A l’extérieur de la salle d’arrivée de l’aéroport international de Douala, un bagagiste nous informe qu’il attend impatiemment trois Chinois dont l’avion vient d’atterrir. Il ne peut avancer plus loin. Il est surveillé à la loupe par des policiers qui vont et viennent. Le porteur explique que depuis quelque temps, l’accès à l’aéroport n’est pas du tout facile. La sécurité y est de mise. « Il y a des matins où les policiers nous dérangent vraiment. Quand on prend les bagages d’un passager pour aller les déposer, ils nous interdisent d’entrer dans le hall ou d’aller plus loin. Lorsque l’avion atterrit, ils nous empêchent d’aller ‘’tacler’’ le passager. C’est comme si on ne travaillait pas pour l’aéroport. Pourtant, nous avons des tenues », déplore un autre bagagiste.
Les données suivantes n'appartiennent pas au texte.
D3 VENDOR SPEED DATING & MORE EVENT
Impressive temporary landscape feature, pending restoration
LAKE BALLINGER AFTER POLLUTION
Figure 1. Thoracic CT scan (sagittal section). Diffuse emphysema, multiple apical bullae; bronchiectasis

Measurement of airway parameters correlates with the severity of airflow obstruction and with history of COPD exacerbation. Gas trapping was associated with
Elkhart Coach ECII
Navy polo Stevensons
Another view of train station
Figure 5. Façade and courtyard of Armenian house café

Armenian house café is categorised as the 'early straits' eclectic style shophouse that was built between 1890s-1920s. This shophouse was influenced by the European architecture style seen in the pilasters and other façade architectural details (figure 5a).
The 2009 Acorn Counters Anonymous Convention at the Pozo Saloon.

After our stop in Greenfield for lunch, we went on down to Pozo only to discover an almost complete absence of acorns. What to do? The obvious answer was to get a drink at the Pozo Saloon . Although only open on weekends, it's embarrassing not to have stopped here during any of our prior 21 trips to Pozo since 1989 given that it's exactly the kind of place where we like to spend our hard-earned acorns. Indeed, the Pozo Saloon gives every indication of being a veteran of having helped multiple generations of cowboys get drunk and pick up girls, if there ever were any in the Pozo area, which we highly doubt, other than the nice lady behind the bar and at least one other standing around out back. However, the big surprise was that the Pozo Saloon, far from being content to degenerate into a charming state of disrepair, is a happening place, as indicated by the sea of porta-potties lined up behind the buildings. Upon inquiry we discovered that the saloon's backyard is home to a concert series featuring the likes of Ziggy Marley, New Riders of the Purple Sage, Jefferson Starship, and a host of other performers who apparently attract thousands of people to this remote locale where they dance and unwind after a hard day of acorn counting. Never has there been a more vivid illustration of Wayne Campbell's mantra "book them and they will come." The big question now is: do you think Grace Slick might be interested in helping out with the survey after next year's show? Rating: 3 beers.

A en croire Youssoufa, l’autorité aéronautique a interrompu l’activité de portage dans les aéroports du Cameroun depuis 2006. « Adc nous a envoyé des notes à maintes reprises pour nous faire savoir que nous n’avons pas accès dans les zones réservées. Pourtant, par le passé, les bagagistes avaient accès à la zone ‘’Salle départ’’, ‘’Salle d’arrivée’’. Ils pouvaient aller au niveau du salon d’honneur pour s’occuper des bagages des diplomates, et même jusqu’à l’aérogare. Nous venons juste occuper le terrain », avoue-t-il. La Sts estime que depuis 2006 jusqu’à nos jours, elle ne jouit pas parfaitement de ses droits tel que le dit la convention Adc-Sts. Voici ce que dit la convention : « le port de bagages dans les aéroports du Cameroun émane exclusivement de la société agréée par les Adc avec une convention d’occupation de port de bagages sur la plateforme ».
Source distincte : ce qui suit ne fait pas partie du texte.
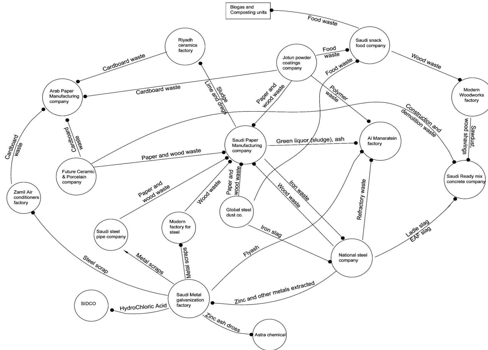
Figure 4 Industrial Symbiosis between the 20 industries
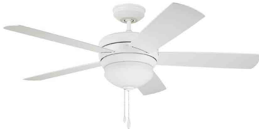
B. Shown in Satin White with Satin White Blades and Opal Matte Shade
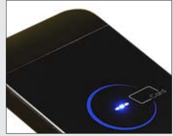
SPECIAL MOON SIGNAL LIGHT TIP ALARM IF DOOR IS NOT CLOSED WELL
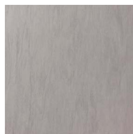
VT959-600 (600mm square)
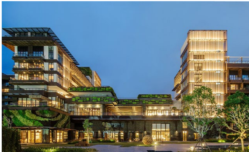
Exterior image of the resort featuring its green accents

The interior to be analyzed is 1 Hotel Haitang Bay Sanya, located on Hainan Island. It was designed by Oval Partnership and FARM studio and is the first Chinese resort constructed by 1 Hotels. It encompasses a mixture of Hong Kong and Singapore artistic features and culture in its architecture and has such a natural atmosphere to offer. I was first drawn to this project because of its exterior structure and lighting as it reminded me of a treehouse.
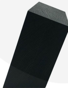
21 Degree Angled Plinth | 212x70x141
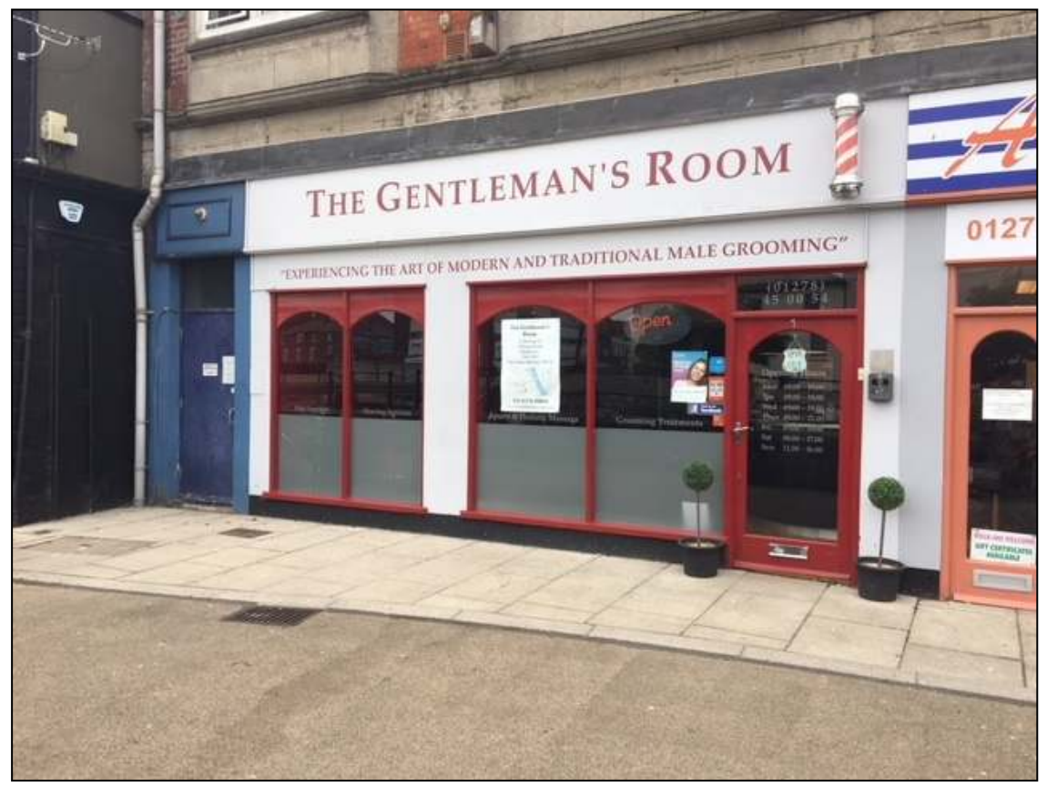
Unit 1 Fishermans Wharf, Bridgwater, Somerset, TA6 3HL.
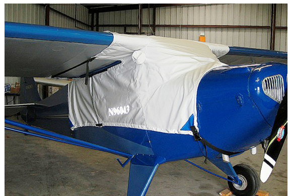
Taylorcraft BC12-D Over-the-top Canopy Cover
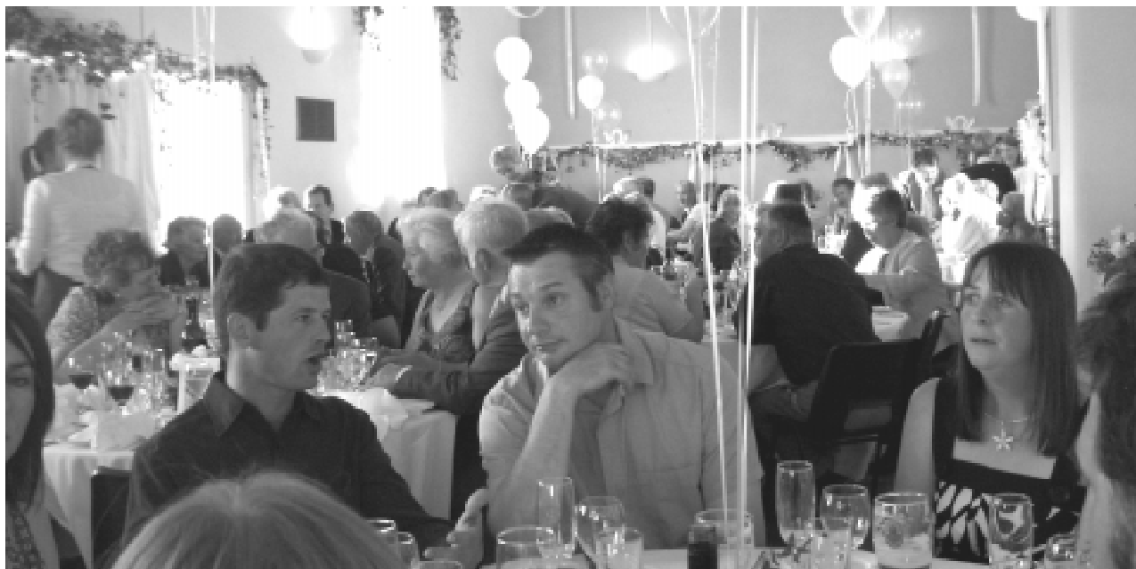
Enjoying the evening celebrations

A l’aéroport international de Nsimalen, le problème est d’un autre ordre. Il vient de la part de certains clients qui refusent de payer après le service rendu, apprend-on. Pourtant, il est inscrit sur la blouse des bagagistes la somme à payer pour chaque bagage transporté. Ce montant est de 300 F. Cfa. « Après avoir passé des heures avec un client, celui-ci vous dit tout simplement merci et s’en va», regrette Arthur. D’autres clients n’ont même pas cette politesse. Ils tiennent plutôt des propos injurieux à l’endroit des bagagistes qui réclament leur argent. Ils estiment que les chariots appartiennent à l’aéroport. Conséquence, il n’est pas question de payer le moindre sou. Pourtant, ces porteurs sont des employés de la Société des travaux et services (Sts) à qui ils fournissent un dossier avant tout recrutement.
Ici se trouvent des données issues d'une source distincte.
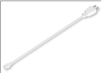
72" Cord & Plug

NUDA-HW72B Black NUDA-HW72W Matte Powder White Used to hardwire NUDA fixtures to NUA-902 or junction box (by others).
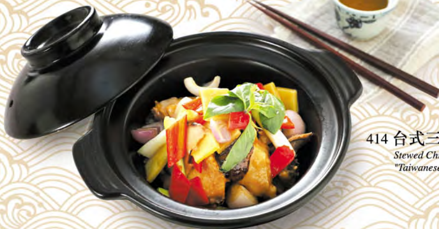
414 台式三杯雞煲 Stewed Chicken in "Taiwanese Style"
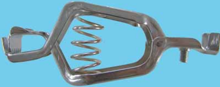
Clip, Steel, 50 Amp
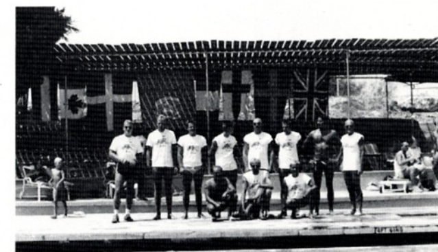
The DANCON team in the UNFICYP Swimming Gala.
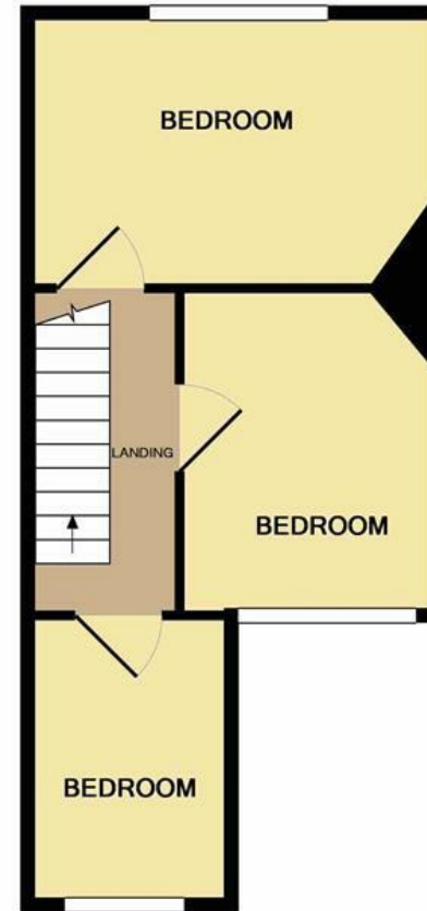
1ST FLOOR APPROX. FLOOR AREA 329 SQ.FT. (30.6 SQ.M.)

Le dossier en question est constitué d’: une demande manuscrite, quatre photos 4X4, un certificat médical qui atteste que le postulant jouit de toutes ses facultés physiques et mentales. Un bulletin n°3 du casier judiciaire, une copie d’acte de naissance et une photocopie de la carte nationale d’identité. Après avoir fourni tous ces documents, le postulant reçoit un avis favorable de la part de la Sts pour aller réaliser une enquête de moralité à la gendarmerie ou au commissariat de police de l’aéroport. Et ce n’est qu’après toutes ces démarches qu’il est considéré comme bagagiste.